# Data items
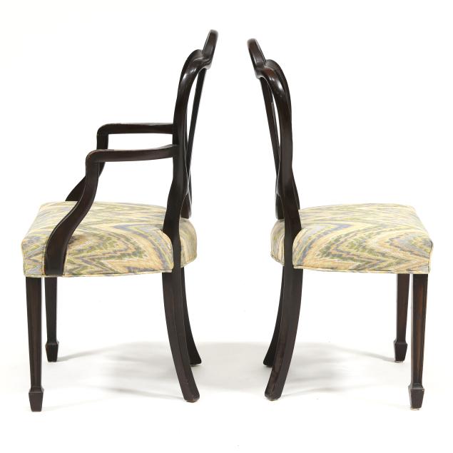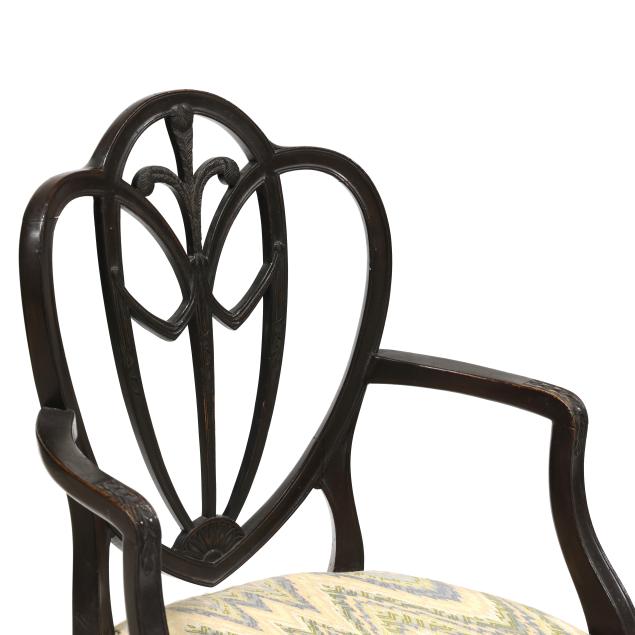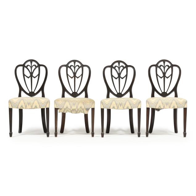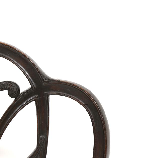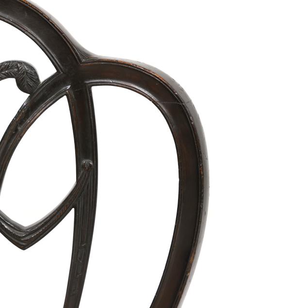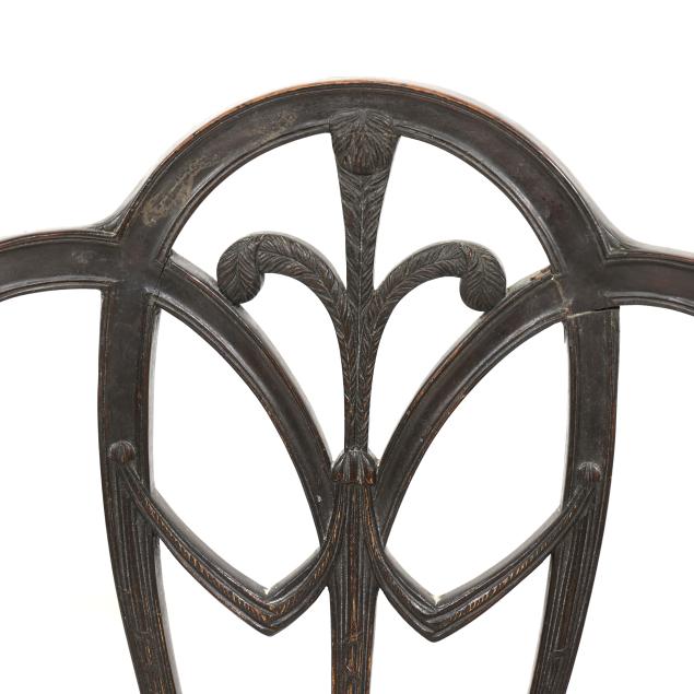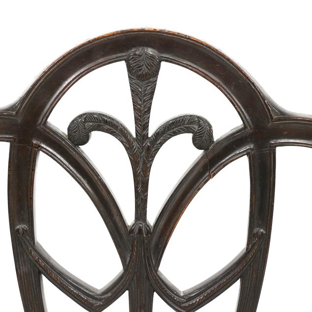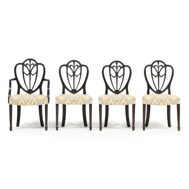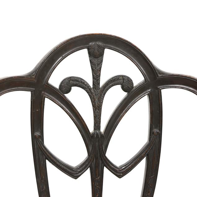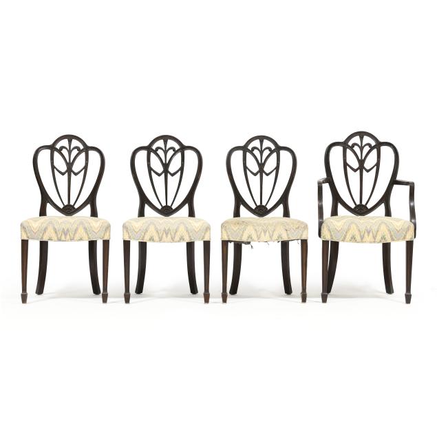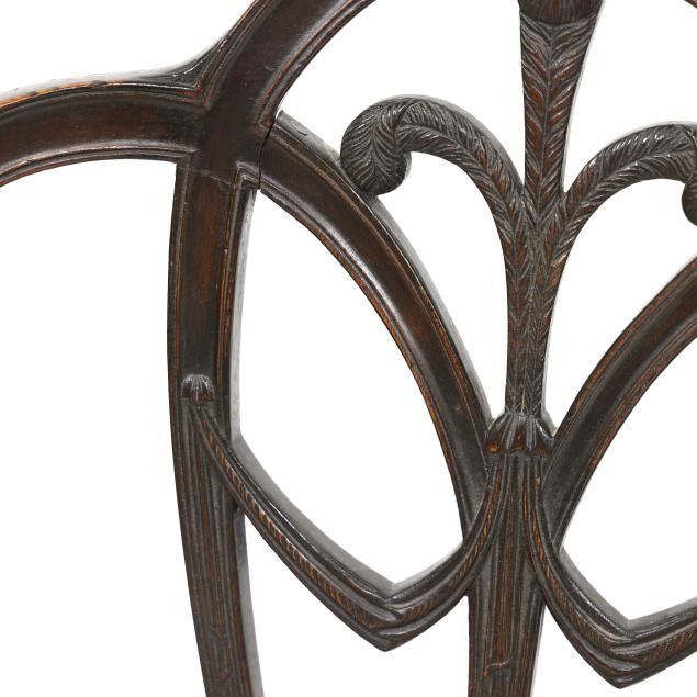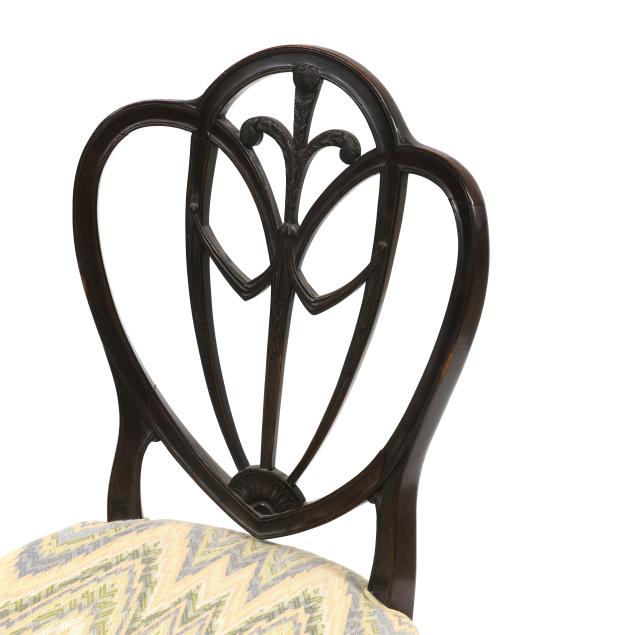Late 19th century, including two arm chairs and ten side chairs, classic shield back form featuring a concave relief carved and pierced seat back, central relief carved Prince of Wales plume, molded stiles, over upholstered seats, molded tapered front legs with spade foot, down-swept rear legs.
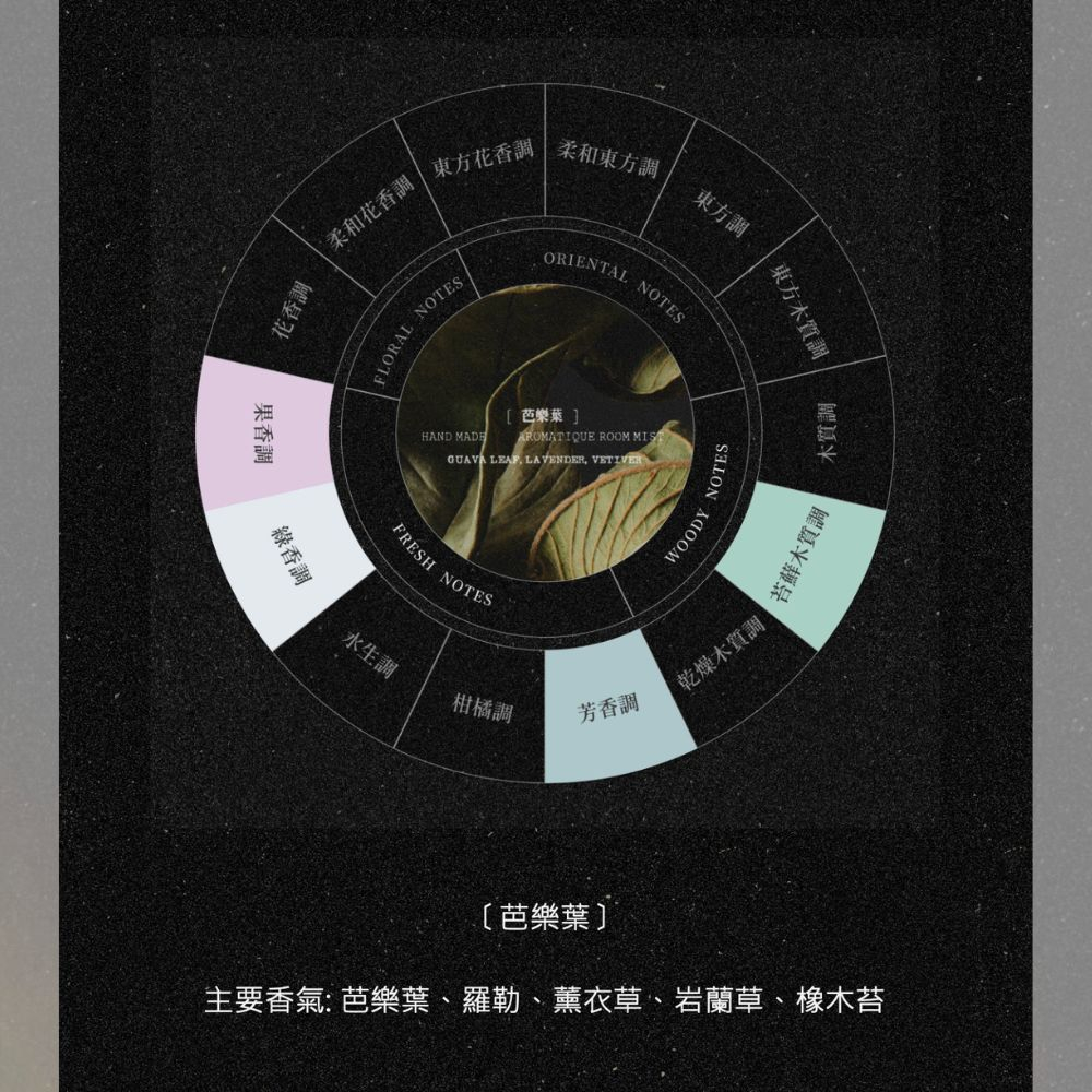 [芭樂葉] 主香氣:芭樂葉、羅勒、薰衣草、岩蘭草、橡木苔
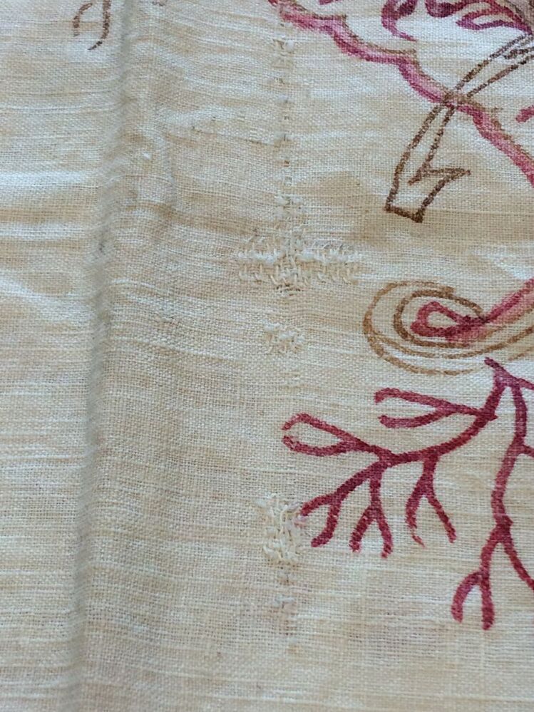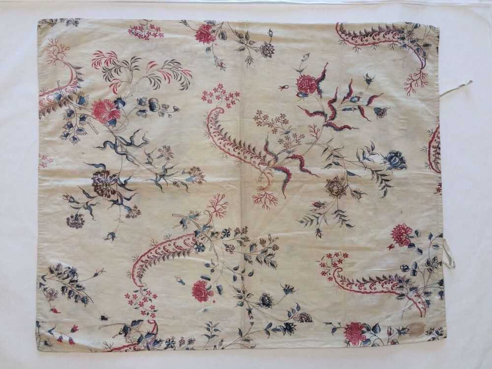 Sitsen sloop met losse bloemstukken op witte grond
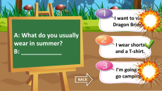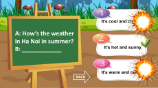 It’s cool and cloudy. A: How’s the weather in Ha Noi in summer? It’s hot and sunny. B: ____________ BACK
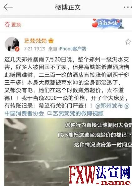 郑州希岸酒店暴雨后涨价被罚50万7月20日,河南郑州遭遇特大暴雨袭击,众多人员被困市区,滞留在郑州的网友表示,位于郑州市金水区东站南路与心怡路交叉口升龙国际2号楼B座的希岸酒店,竟趁机大幅度涨价,一间房涨价到2888元。 7月21日晚,网友“艺梵梵”发布微博称:“7月20日晚上整个郑州洪水灾害,好多人被困回不了家,但是高铁站希岸酒店借此赚国难财,200元、300元一晚的酒店直接涨价到2000多元、3000多元。本身大家都被雨水冲得全身都湿透了,又没有电,她们在这个时候轰然起价,太不道德!我于当晚2000元一晚的价格,开了个大床房,有转账记录,希望有关部门严查!”
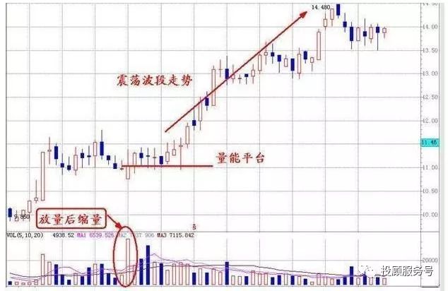 这是平台突破的最常见一种方式,此时一般我们要求量能的放出应该是在建立平台的时候放出,而建立平台后应该以缩量方式运行,此时的量能平台突破就是有效和有力度的。
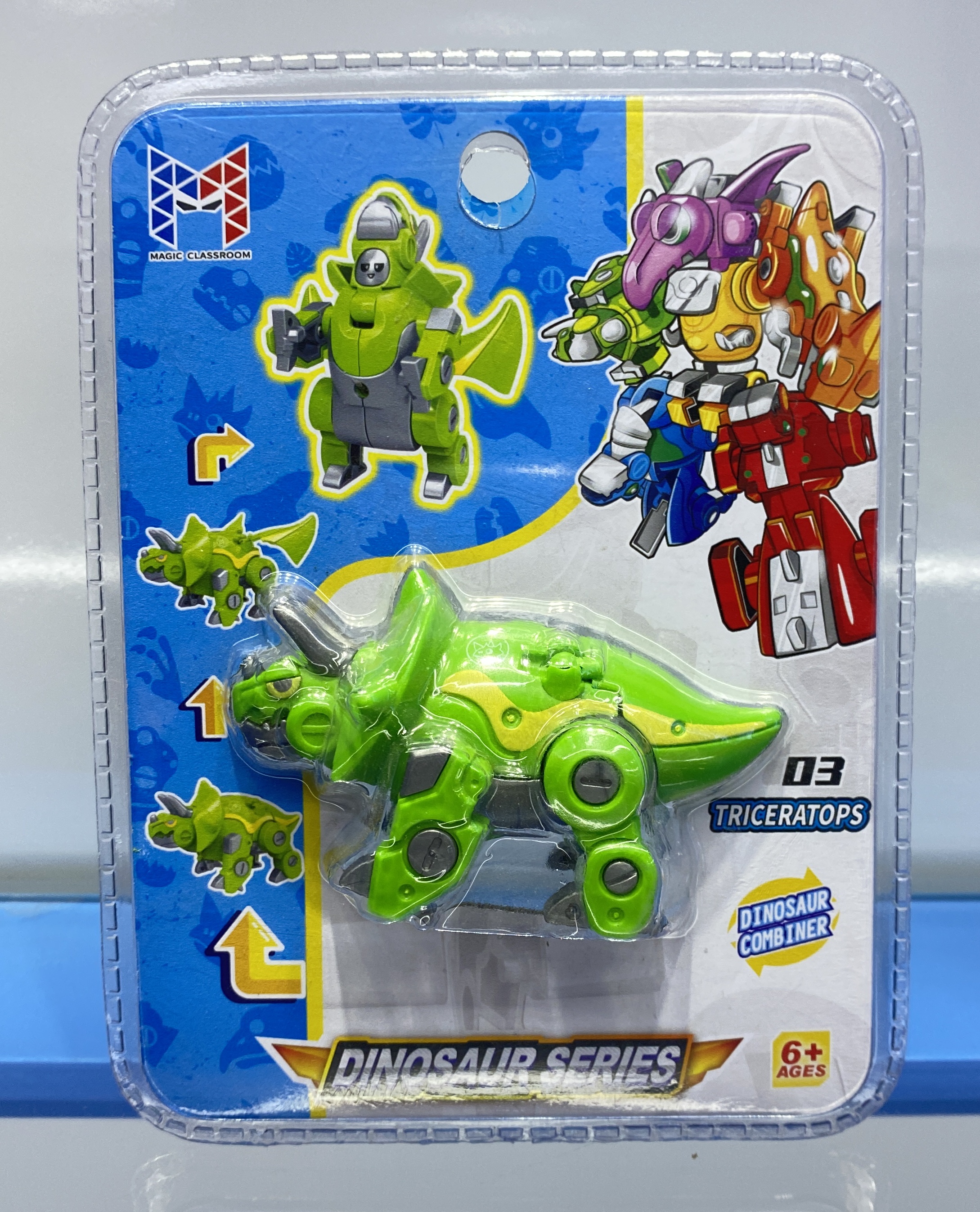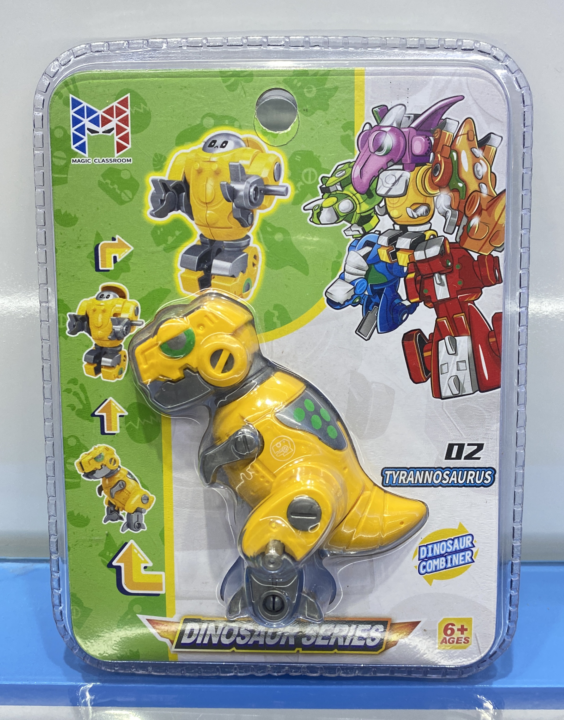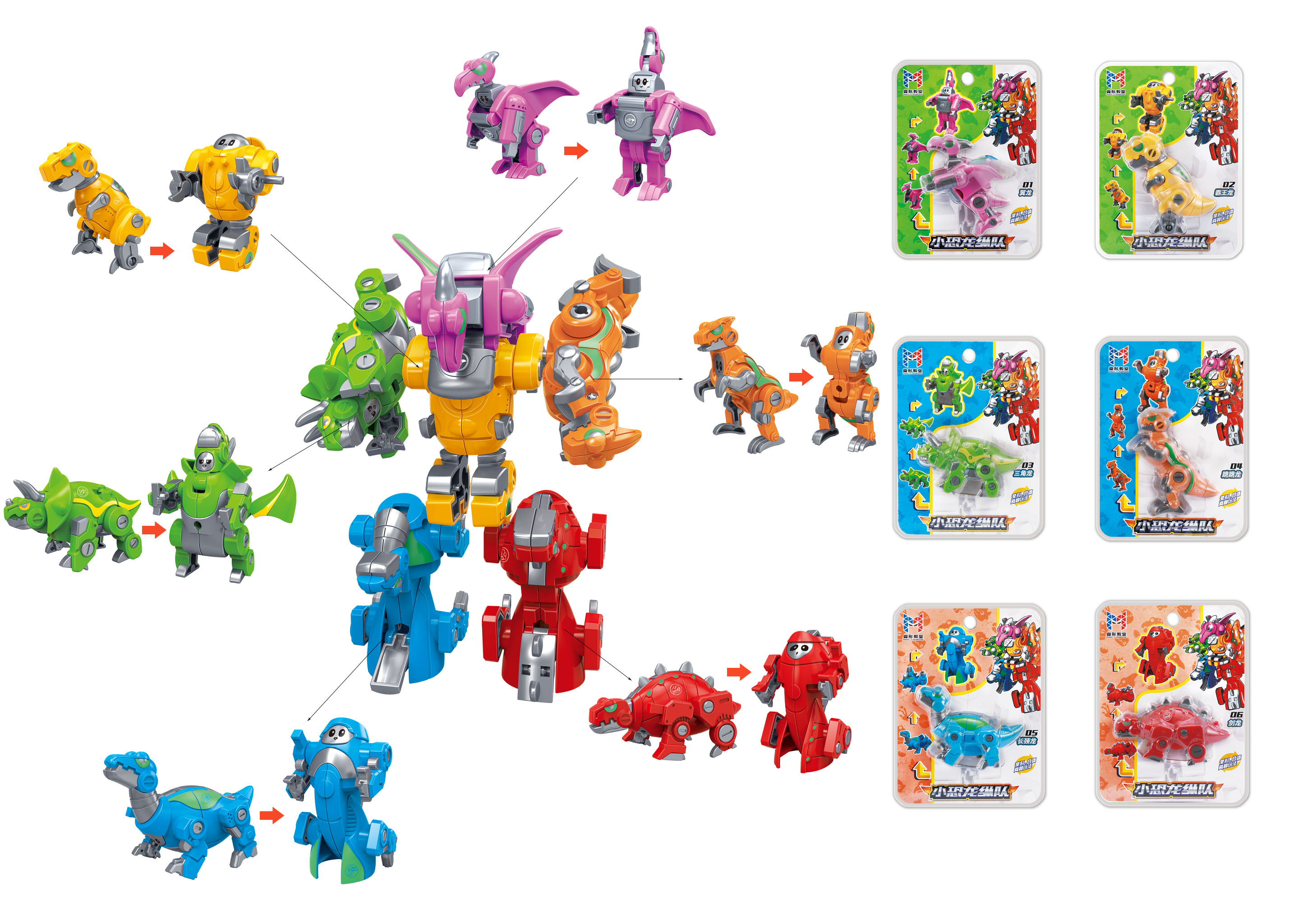 Each small dinosaur can be built into a small robot. Combine all 6 items can build a big robot.
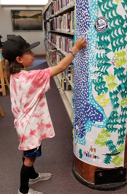 Readers taking the challenge at the library could complete a row in their reading logs and earn a Whitefish sticker to place on a mural of Whitefish Lake. Whitefish Credit Union challenged readers to place 500 stickers on the mural and earn $1 per sticker for donation to the nonprofit, Whitefish Lake Institute. Readers easily surpassed that number, placing 1,503 stickers on the mural.
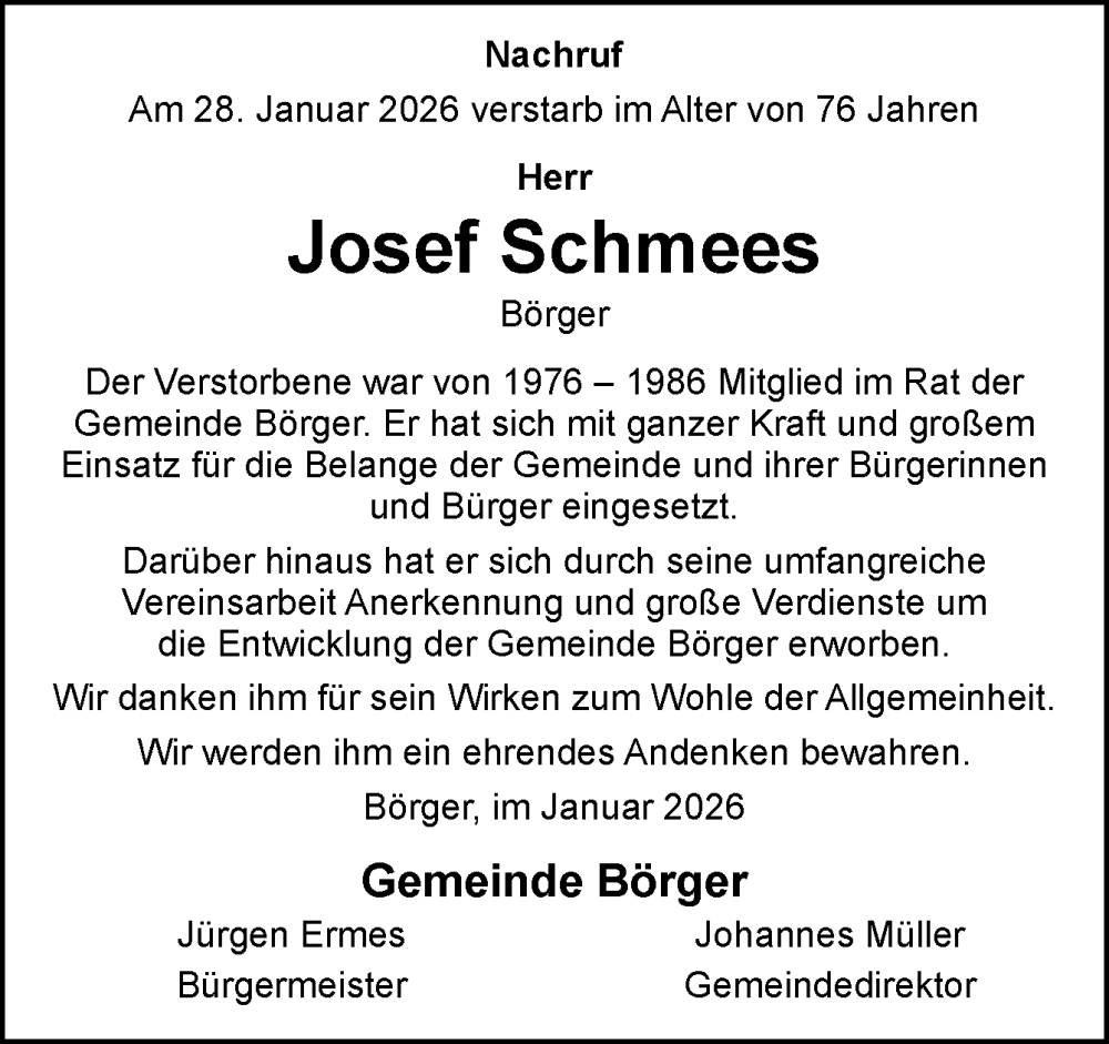 Hier finden Sie alle Traueranzeigen aus der Zeitung, die bisher für Josef Schmees erschienen sind. Weitere Traueranzeigen, die in der Zeitung erscheinen, werden hier ebenfalls aufgelistet

# Instructions to follow
An exact copy of the lines from the one with "这是平台突破的最常见一种方式" through the end of the records: produce that and nothing more, leaving out the pictures.

# Answer box
 这是平台突破的最常见一种方式,此时一般我们要求量能的放出应该是在建立平台的时候放出,而建立平台后应该以缩量方式运行,此时的量能平台突破就是有效和有力度的。
 Each small dinosaur can be built into a small robot. Combine all 6 items can build a big robot.
 Readers taking the challenge at the library could complete a row in their reading logs and earn a Whitefish sticker to place on a mural of Whitefish Lake. Whitefish Credit Union challenged readers to place 500 stickers on the mural and earn $1 per sticker for donation to the nonprofit, Whitefish Lake Institute. Readers easily surpassed that number, placing 1,503 stickers on the mural.
 Hier finden Sie alle Traueranzeigen aus der Zeitung, die bisher für Josef Schmees erschienen sind. Weitere Traueranzeigen, die in der Zeitung erscheinen, werden hier ebenfalls aufgelistet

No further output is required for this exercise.